DistrictDataLabs / yellowbrick

Visual analysis and diagnostic tools to facilitate machine learning model selection.
http://www.scikit-yb.org/
Apache License 2.0
4.3k stars 559 forks source link

Diagnostic Plots for Linear Regression Analysis #1211

Open pkaf opened 2 years ago

pkaf commented 2 years ago

If not already considered or being developed it would be neat to have some standard diagnostic plots for linear regression analysis mainly

a. residual vs fitted b. normal q-q c. scale-location d. residual vs leverage

as shown in https://data.library.virginia.edu/diagnostic-plots/. Example plots

Screen Shot 2022-01-25 at 8 53 42 pm Screen Shot 2022-01-25 at 8 53 48 pm Screen Shot 2022-01-25 at 8 53 53 pm Screen Shot 2022-01-25 at 8 54 00 pm

I am happy to PR.

pkaf commented 2 years ago

I will love to hear your thought on ^^ @bbengfort .

bbengfort commented 2 years ago

@pkaf We'd certainly be open to more regression analysis tools or adaptations of our current tools to support these types of analyses.

The ResidualsPlot is currently plotted against the fitted value, so I think that's what plot 1 is - it also has the option to have a Q-Q plot alongside it, which I think is plot 2. Perhaps that plot could be modified to plot the residuals against actual value instead of the predicted value?

Scale-location vs fitted values (your third plot) also seems like it might be an adaptation of the ResidualsPlot to standardize the residuals rather than using the raw residuals - this would be a great param to add!

We also have a CooksDistance visualizer, which may be related to your last plot of standardized residuals to Leverage, or might be a building block towards that visualization.

If the ResidualsPlot is not sufficient, perhaps you could look into creating a ResidualsDiagnostics visualizer that plots all four of these graphs in 4 separate axes? We haven't done a lot of multi-axes plotting, but this could be a good start toward that.

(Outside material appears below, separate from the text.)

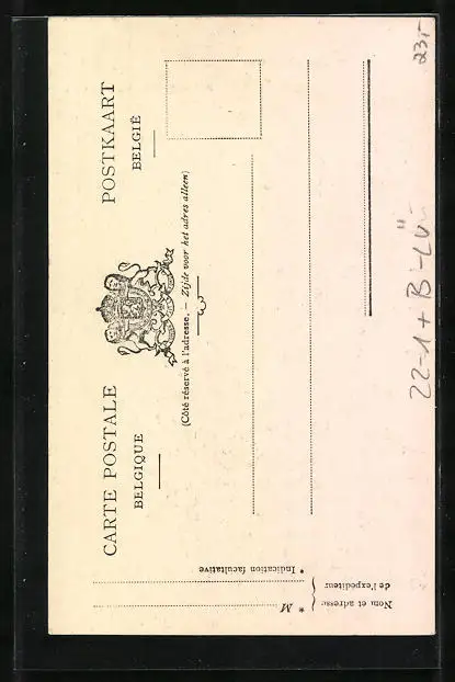 Personenbezogene Daten auf der Rückseite der Karte wurden durch blauen Textmarker unkenntlich gemacht. Die blauen Stellen sind auf die Vorderseite durchgeweicht und wirken sich negativ auf das Postkartenfoto aus
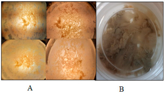 The biofilm formed during the consortia establishment process (A): biofilm formed on the wall of the reactor; (B): biofilm formed at the base of the reactor.

pkaf commented 2 years ago

@bbengfort recently, I pushed an example depicting above graphs in statsmodels https://www.statsmodels.org/devel/examples/notebooks/generated/linear_regression_diagnostics_plots.html . We can adapt it here too.

bbengfort commented 2 years ago

@pkaf awesome - we welcome any PRs that you might open for Yellowbrick!